-
Lenkas, wybacz, że to piszę, ale wydajesz mi się ze swoim podejściem uparta jak jakiś rozkapryszony bachor. Niby chce, ale mu się nie chce, niby czegoś pragnie, ale nie ma siły wyciągnąć po to ręki, choć jest tak blisko. Ustalmy jedną rzecz: CHCESZ SCHUDNĄĆ. I pierwszy krok masz już za sobą. Teraz czas na krok drugi: realizacja planów.
To ciężkie - Albina ma rację, otyłość czy nadwaga to choroba duszy... jedzenie Tobą rządzi - ale dlaczego? Nie daj się, bądź niezależna! Walcz!

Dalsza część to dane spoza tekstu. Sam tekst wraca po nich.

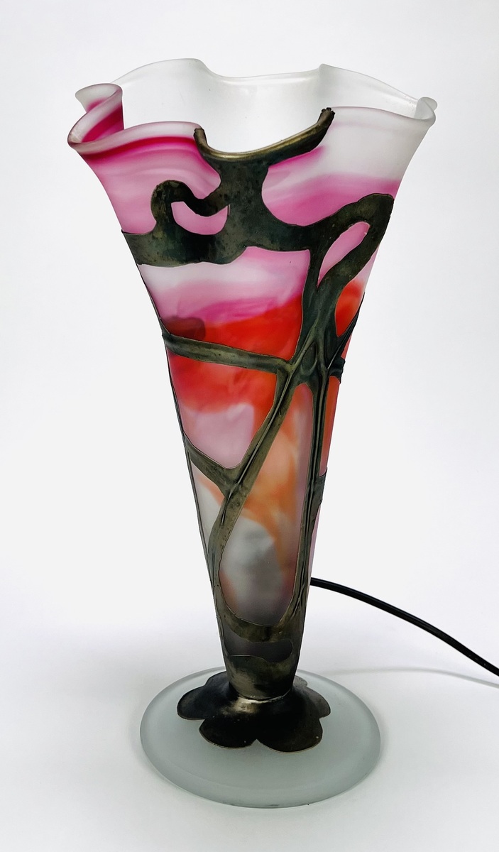 Art Nouveau stijl tafellamp, tweede helft van de 20e eeuw, uitgevoerd in glas en metaal. De bloemvormige kap is van meerlagig, geblazen glas in roze, oranje en wit met gesatineerde afwerking, omwikkeld door een metalen montuur in organisch rankmotief. De lamp rust op een ronde glazen voet en vertoont Art Nouveau vormgeving, lijnvoering en materiaalgebruik.

Zanim sięgniesz po batonik, dodatkową porcję obiadu, jakieś słodkości pomyśl - czy naprawdę tego chcesz? czy nie robisz tego z przyzwyczajenia? Czy przypadkiem nie chcesz zajeść jakiegoś stresu, frustracji? A przede wszystkim - ile czasu musiałabyś poświęcić, żeby tego wafelka, dokładkę czy cokolwiek spalić? i jak szybko te kalorie, tłuszcz odłożą Ci się w biodrach, udach itd. jeśli je skonsumujesz? Wydaje Ci się, że chcesz coś przekąsić - znajdź sobie inne zajęcie. Wyjdź na spacer (ale bez pieniędzy, żeby lody itp. nie kusiły), na rower, zrób serię jakichś ćwiczeń, cokolwiek. Tylko nie jedz! A jeśli już naprawdę jesteś głodna - przekąś jakieś warzywo, owoc, coś lekkiego.
Bierz się za konkrety, a nie stale marudź. A jeśli naprawdę sobie z tym wszystkim nie radzisz - idź, tak jak radzi Albina, do dobrego psychologa. Wbrew pozorom to żaden wstyd, a tacy ludzie naprawdę potrafią pomóc.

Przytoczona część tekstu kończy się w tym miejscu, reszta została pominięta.